New dual carbon battery charges 20x faster than lithium ion batteries(powerjapanplus.com) |
New dual carbon battery charges 20x faster than lithium ion batteries(powerjapanplus.com) |
I'm glad we've got labs researching battery technology, since I think that's one of the most important areas of research we can develop today. But forgive me if I'm skeptical until I see something show up on the shelves.
Power Japan Plus executives have years of experience overseeing battery manufacturing and supply chain at industry powerhouses like Sumitomo Metal Mining.
The company owns a battery production facility in Okinawa, Japan, where it will begin bench production testing of 18650 Ryden cells later this year. This facility will allow Power Japan Plus to meet demand for specialty energy storage markets such as medical devices and satellites.
Mostly because it is very much needed for a whole lot of things from mobile phones to cars to making solar energy work 24-7, so if someone gets there first they will become immensely wealthy capitalising on a shift of our civilisation.
But yeah, proof of concept is not path to market, press releases are not profits and all that.
I am also sceptical of claims that a new battery is both safer and energy-denser. These two things are not natural allies.
Just like cancer or time travel or any kind of cool & urgent research projects, looking at it through the lens of pop science media on twitter is not ideal.
But.. I still want to hear about it.
Honestly, unlike you, I don't want to hear about it if it's going to turn into vaporware. Should it be published in a peer-reviewed journal? Absolutely. Do I want Apple and Tesla and Samsung looking into it? Definitely. Do I, personally, want to hear about it? Not particularly.
Toyota would be the far better choice especially since the CTO of PJP helped design the Prius battery.
I want fuel cell!!!
What is it about battery technology that seems to attract the nutty companies? You don't see claims like this about CPUs, Monitors, Network Cards, etc... It's always batteries for some reason.
And one of Carbon, Graphene, or Buckyballs always makes an appearance as well in these press releases. It would be nice to see a new material take the stage as the "10x faster to recharge, recyclable, energy dense, environmentally safe" battery technology that will solve all our problems.
Organic = made of carbon. At least it meant that originally. Now the consumerized term meets "Carbon."
That said, I hope this works out. New battery tech rarely ever does, though.
"Organic" dictionary definition: "relating to or derived from living matter", i.e. [0]
> They add that the carbon they use is new as well—it's an organic compound grown from cotton fibers
[0] http://phys.org/news/2014-05-power-japan-dual-carbon-battery...
"Reliable – first ever high performance battery that meets consumer lifecycle demand, rated for more than 3,000 charge/discharge cycles."
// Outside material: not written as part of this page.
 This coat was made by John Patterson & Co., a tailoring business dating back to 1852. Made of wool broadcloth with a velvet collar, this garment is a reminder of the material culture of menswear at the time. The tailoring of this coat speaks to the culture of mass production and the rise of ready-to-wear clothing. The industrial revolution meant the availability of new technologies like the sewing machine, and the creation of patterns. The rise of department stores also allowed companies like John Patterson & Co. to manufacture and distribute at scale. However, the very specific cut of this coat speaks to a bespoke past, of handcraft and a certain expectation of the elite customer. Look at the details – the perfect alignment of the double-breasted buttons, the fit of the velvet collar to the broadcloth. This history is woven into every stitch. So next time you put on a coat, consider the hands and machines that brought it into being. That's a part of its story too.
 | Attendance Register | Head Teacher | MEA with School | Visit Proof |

If you calculate from lithium ion, based on my own experience with my phone and my macbook, a lithium ion battery crosses over into the less acceptable performance after 4-5 years.
If the degradation curves can be compared that would mean you could expect 12-15 years from these batteries. Pretty impressive!
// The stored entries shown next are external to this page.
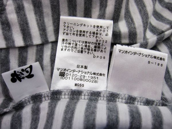 【未使用】【日本製】慈雨 ジウ JIU センソユニコ 半袖 カットソー トップス 切替 アシンメトリー 和柄 ボーダー 白グレー水色 Lサイズ40■管理番号L29536SSA26-251122-50-3(198)
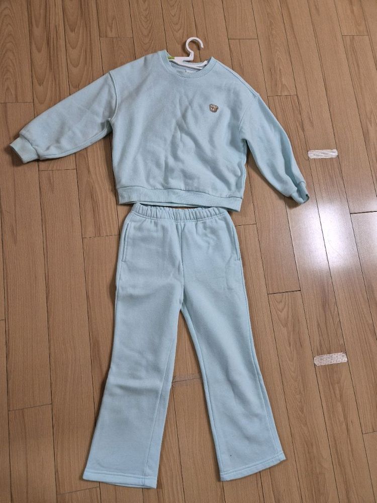 폴햄 키즈 기모 상하복 세트 130사이즈입니다 색상은 예쁜 민트색이고, 상의에는 귀여운 곰돌이 자수가 있어요 기모 안감으로 따뜻하게 입을 수 있습니다 소매 부분에 약간의 오염이 있지만, 전체적으로 깨끗한 편입니다 면 60%, 폴리에스터 40% 혼방 소재로 부드럽고 편안합니다 몇번 안입어서 상태 좋은데, 팔 뒷쪽부분에 얼룩 있습니다.
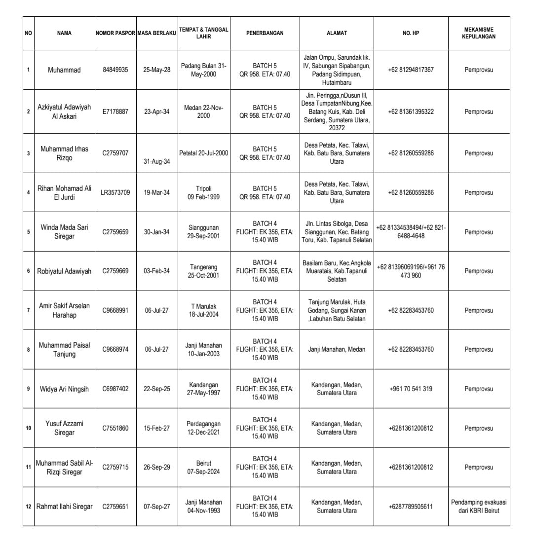 Berikut, ini daftar nama -nama WNI yang dipulangkan untuk menjaga keselamatan dari perang yang terjadi di Lebanon.
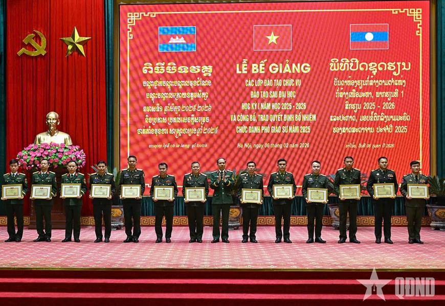 | Trung tướng, PGS, TS Lê Văn Hải, Phó chính ủy Học viện Quốc phòng trao thưởng các học viên Việt Nam, Lào và Campuchia có thành tích tiêu biểu. Ảnh: THÁI HƯNG |

https://www.google.com/patents/US7052802?dq=ininventor:%22Ka...
However this is still vaporware:
"Power Japan Plus will begin benchmark production of 18650 Ryden cells later this year at the company’s production facility in Okinawa, Japan"
Plenty of people have improved battery technologies, the issue has always been scaling up the process in a cheap enough way. If these batteries cost too much then its back to the drawing board.
1. http://phys.org/news/2014-05-power-japan-dual-carbon-battery...
Sometimes it's pure scam, of course, but I think that's rare. Mainly it's people who are clue-deficient in some important way. They think it works. Or they think they can get it to work. Or, like many marketing people, they're used to trusting somebody else that it works. It's the tech world's version of the magnetic healing bracelet or the ear candle.
The reason nobody is out selling 20 GHz processors is that nobody really wants them. It'd be nice, sure, but we're all pretty happy with what we have. Our desire for something better isn't strong enough to override our sense for what's realistic.
Look at it this way: Human endeavor consists of intelligent application of energy to mass. One of the three elements are close to being made trivial! It's very easy to get excited about batteries and renewable energy!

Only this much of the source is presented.